- [Supplied information]
=== Begin Enclosure ===

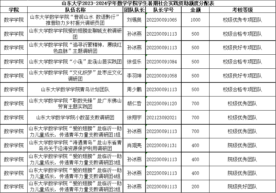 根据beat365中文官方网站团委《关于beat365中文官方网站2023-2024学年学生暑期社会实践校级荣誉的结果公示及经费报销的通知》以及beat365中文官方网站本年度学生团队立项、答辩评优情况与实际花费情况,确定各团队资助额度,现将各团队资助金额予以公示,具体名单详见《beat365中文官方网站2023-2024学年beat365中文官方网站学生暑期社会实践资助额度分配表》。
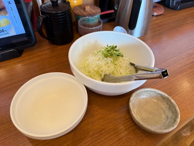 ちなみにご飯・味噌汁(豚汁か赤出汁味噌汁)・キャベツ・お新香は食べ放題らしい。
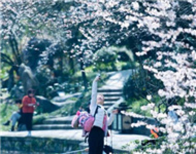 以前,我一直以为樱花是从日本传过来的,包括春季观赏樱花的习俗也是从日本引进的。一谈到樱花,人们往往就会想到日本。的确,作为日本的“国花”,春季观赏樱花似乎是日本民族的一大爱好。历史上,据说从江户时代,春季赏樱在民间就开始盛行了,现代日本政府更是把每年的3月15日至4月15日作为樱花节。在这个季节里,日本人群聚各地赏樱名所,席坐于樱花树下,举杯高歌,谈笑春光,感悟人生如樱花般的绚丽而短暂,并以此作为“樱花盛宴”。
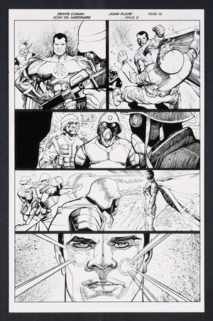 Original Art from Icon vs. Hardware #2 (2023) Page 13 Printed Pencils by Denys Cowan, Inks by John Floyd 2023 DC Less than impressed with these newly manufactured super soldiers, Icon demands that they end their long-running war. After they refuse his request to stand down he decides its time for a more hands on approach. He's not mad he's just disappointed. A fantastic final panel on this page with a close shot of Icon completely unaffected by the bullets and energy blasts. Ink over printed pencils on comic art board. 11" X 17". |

=== End Enclosure ===
=== Begin Enclosure ===

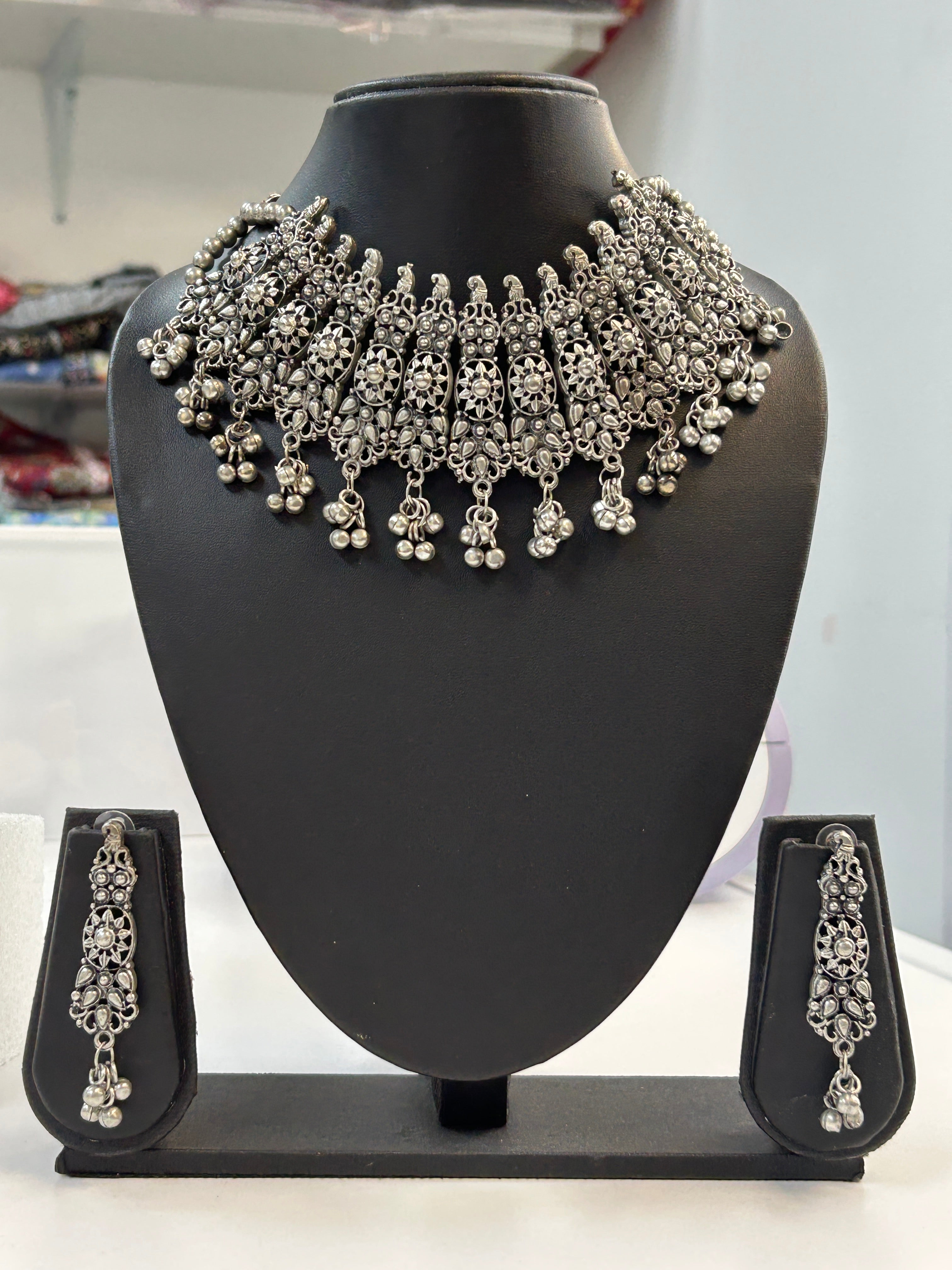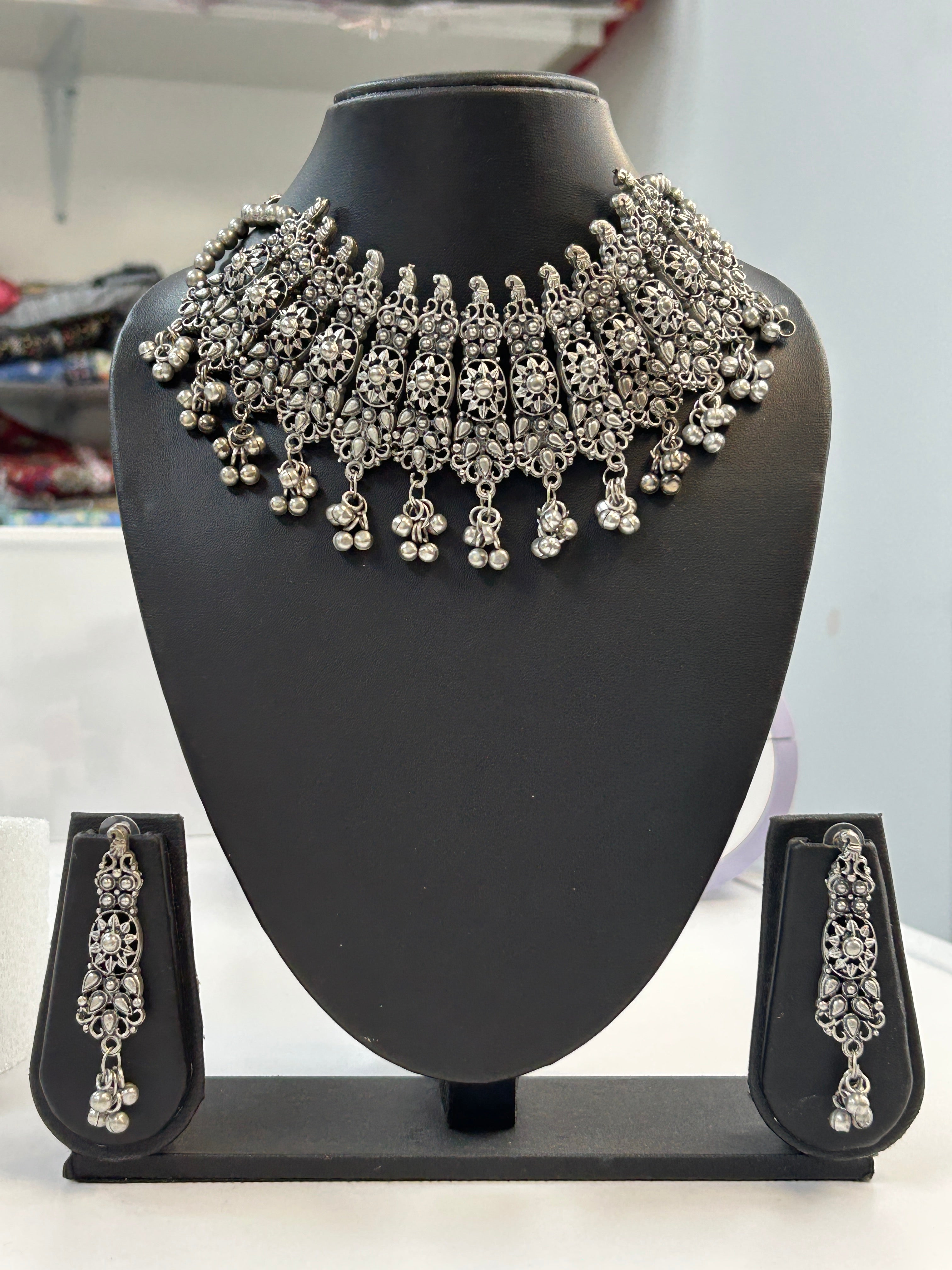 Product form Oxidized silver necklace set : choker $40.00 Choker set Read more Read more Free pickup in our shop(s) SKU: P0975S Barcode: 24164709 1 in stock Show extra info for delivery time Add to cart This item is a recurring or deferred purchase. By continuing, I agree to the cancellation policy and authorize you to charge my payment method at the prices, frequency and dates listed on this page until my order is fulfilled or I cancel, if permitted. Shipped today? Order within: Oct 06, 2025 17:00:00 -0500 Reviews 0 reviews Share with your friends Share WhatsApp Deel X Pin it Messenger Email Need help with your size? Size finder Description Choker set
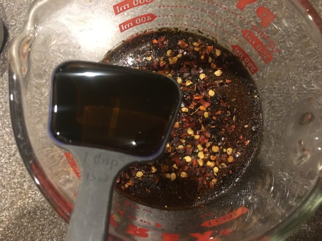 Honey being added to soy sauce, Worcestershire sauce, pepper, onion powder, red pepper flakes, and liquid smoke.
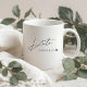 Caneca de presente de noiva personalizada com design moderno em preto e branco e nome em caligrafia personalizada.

=== End Enclosure ===

- [What you need to do] Set down exactly the lines above, from the line containing "Honey being added" through the line containing "Caneca de presente". Skip the pictures.

- [Response area]
 Honey being added to soy sauce, Worcestershire sauce, pepper, onion powder, red pepper flakes, and liquid smoke.
 Caneca de presente de noiva personalizada com design moderno em preto e branco e nome em caligrafia personalizada.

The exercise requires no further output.